* [Your objective]
Copy all the data exactly, except the pictures.

[Material provided]

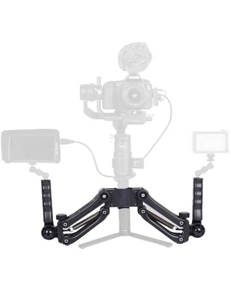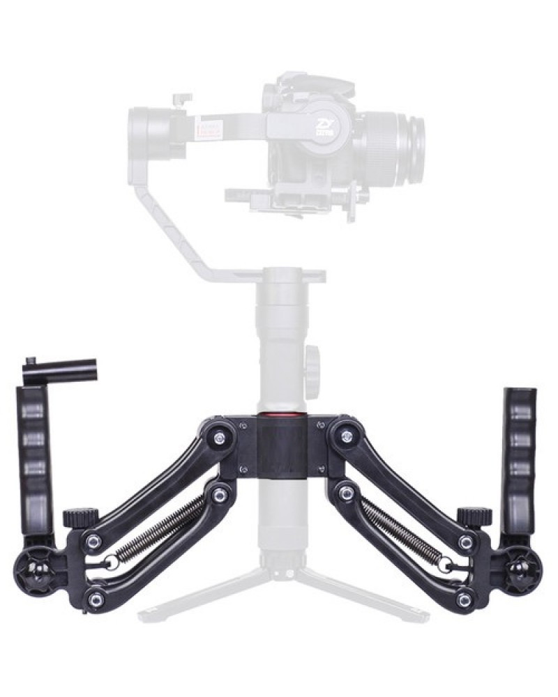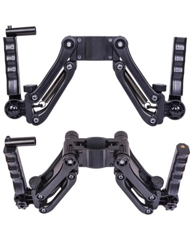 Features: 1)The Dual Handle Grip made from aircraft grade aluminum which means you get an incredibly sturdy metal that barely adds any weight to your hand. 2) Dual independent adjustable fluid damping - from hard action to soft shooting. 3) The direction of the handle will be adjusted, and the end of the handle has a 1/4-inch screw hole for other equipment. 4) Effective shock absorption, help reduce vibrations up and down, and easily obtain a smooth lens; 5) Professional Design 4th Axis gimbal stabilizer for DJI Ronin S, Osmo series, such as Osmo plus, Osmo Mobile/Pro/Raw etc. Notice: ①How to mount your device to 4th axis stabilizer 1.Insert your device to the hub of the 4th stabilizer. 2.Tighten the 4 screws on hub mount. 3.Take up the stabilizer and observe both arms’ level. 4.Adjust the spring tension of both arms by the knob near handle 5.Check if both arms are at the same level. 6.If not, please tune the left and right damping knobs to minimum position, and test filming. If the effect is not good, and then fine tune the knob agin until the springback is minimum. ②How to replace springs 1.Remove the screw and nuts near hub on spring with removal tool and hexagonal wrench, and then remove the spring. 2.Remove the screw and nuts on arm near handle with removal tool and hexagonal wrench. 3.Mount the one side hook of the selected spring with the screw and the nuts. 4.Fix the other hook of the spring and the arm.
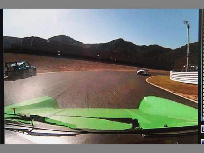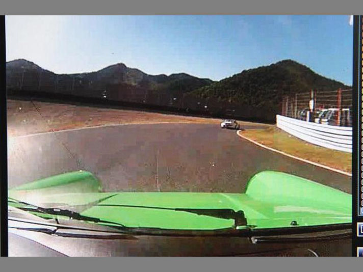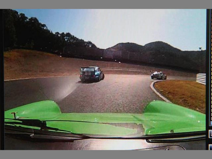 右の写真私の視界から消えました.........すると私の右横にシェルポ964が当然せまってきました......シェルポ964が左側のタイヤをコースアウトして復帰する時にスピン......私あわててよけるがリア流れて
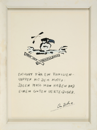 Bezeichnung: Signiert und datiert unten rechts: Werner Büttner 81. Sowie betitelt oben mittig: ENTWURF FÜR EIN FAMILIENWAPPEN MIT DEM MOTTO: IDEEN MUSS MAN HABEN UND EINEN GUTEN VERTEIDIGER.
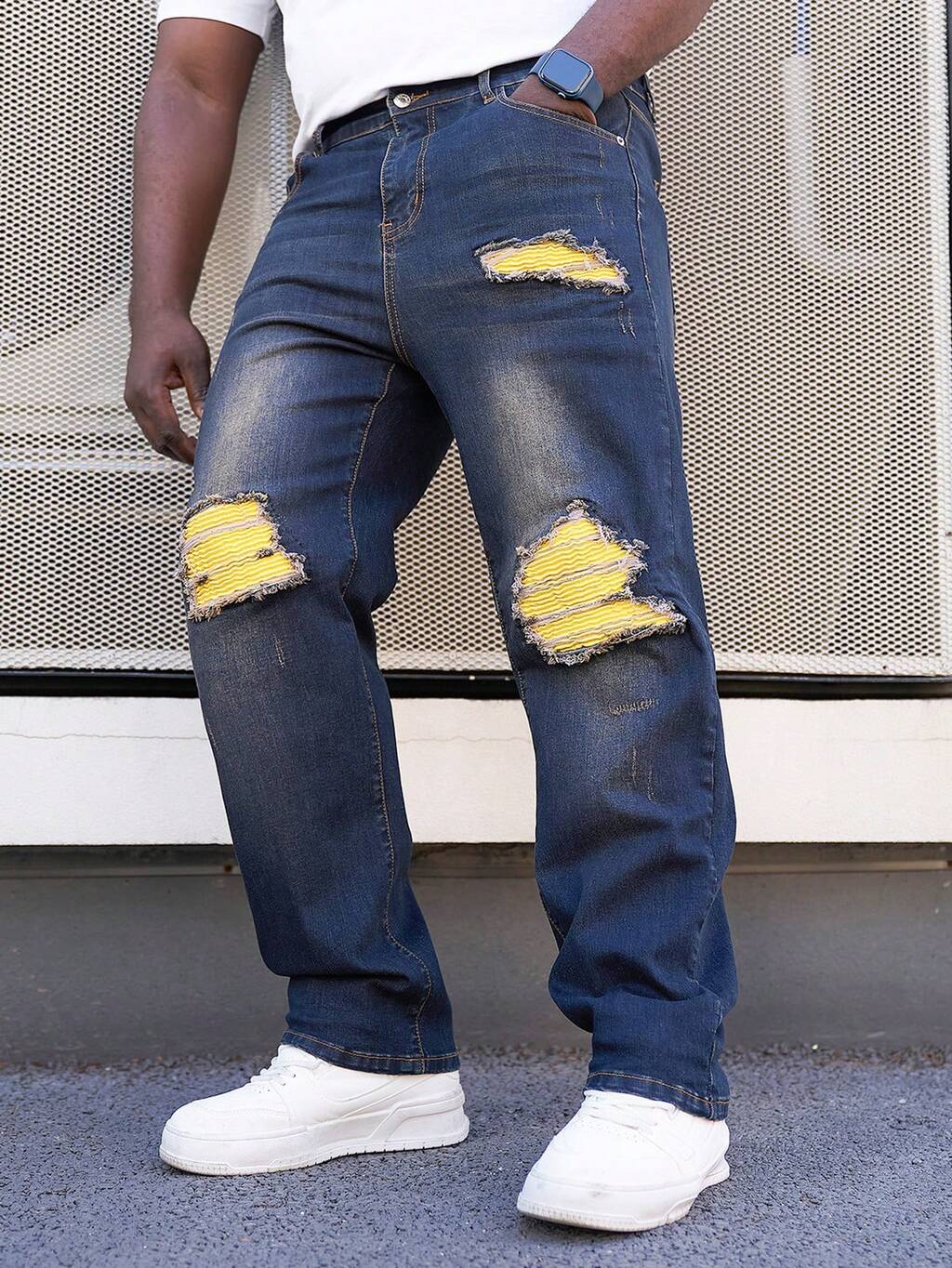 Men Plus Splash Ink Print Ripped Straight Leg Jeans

[/Material provided]

* [Response area]
 Features: 1)The Dual Handle Grip made from aircraft grade aluminum which means you get an incredibly sturdy metal that barely adds any weight to your hand. 2) Dual independent adjustable fluid damping - from hard action to soft shooting. 3) The direction of the handle will be adjusted, and the end of the handle has a 1/4-inch screw hole for other equipment. 4) Effective shock absorption, help reduce vibrations up and down, and easily obtain a smooth lens; 5) Professional Design 4th Axis gimbal stabilizer for DJI Ronin S, Osmo series, such as Osmo plus, Osmo Mobile/Pro/Raw etc. Notice: ①How to mount your device to 4th axis stabilizer 1.Insert your device to the hub of the 4th stabilizer. 2.Tighten the 4 screws on hub mount. 3.Take up the stabilizer and observe both arms’ level. 4.Adjust the spring tension of both arms by the knob near handle 5.Check if both arms are at the same level. 6.If not, please tune the left and right damping knobs to minimum position, and test filming. If the effect is not good, and then fine tune the knob agin until the springback is minimum. ②How to replace springs 1.Remove the screw and nuts near hub on spring with removal tool and hexagonal wrench, and then remove the spring. 2.Remove the screw and nuts on arm near handle with removal tool and hexagonal wrench. 3.Mount the one side hook of the selected spring with the screw and the nuts. 4.Fix the other hook of the spring and the arm.
 右の写真私の視界から消えました.........すると私の右横にシェルポ964が当然せまってきました......シェルポ964が左側のタイヤをコースアウトして復帰する時にスピン......私あわててよけるがリア流れて
 Bezeichnung: Signiert und datiert unten rechts: Werner Büttner 81. Sowie betitelt oben mittig: ENTWURF FÜR EIN FAMILIENWAPPEN MIT DEM MOTTO: IDEEN MUSS MAN HABEN UND EINEN GUTEN VERTEIDIGER.
 Men Plus Splash Ink Print Ripped Straight Leg Jeans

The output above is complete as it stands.